Aunty Joan was one of many Caribbean women whose families moved to the UK in the post-war years as part of the Windrush generation. They left their islands in search of opportunity—armed with crisp certificates, strong faith, and the courage to build new lives in a country that, I have since learned, often greeted them with indifference—or worse. But Aunty Joan, a nurse practitioner, met that world with grace. Her journey from Grenada to the wards of London hospitals, and eventually into our lives, was marked not just by hard work, but by extraordinary generosity of spirit.
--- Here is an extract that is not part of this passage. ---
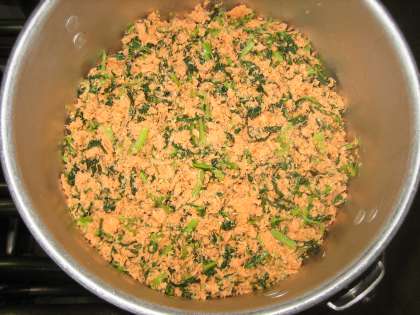 「セルフおにぎり(具・さけとだいこん葉)」は手巻のりにごはんと具をのせて、自分でおにぎりを作って頂きました。

Together with Uncle Tony—who had come to Britain from Nigeria for education—they built a life that would become a sanctuary for us. My siblings and I were children in boarding school in the UK, far from home and the comfort of family. My mother, under enormous pressure and faced with the very real threat of my being married off at the age of sixteen by some of the more traditional members of my father’s extended family, made the heartbreaking decision in 1979, to send me to boarding school abroad. It was an act of courage and resilience that laid the foundation for the academic and professional achievements of her and Murtala’s children—and now, respectfully, for their grandchildren too.

At that time, sending children abroad was not the lifestyle statement it is sometimes seen as today. It was a cultural rupture, a sacrifice. And for me, having lost my father at the age of twelve, it was especially difficult. But it was Aunty Joan and Uncle Tony who stood in loco parentis during those early, uncertain years. They became the stability—especially for my late brother Zack and I—in an often unfamiliar world. They showed up when many couldn’t; though not related by blood, they became our family in the truest sense.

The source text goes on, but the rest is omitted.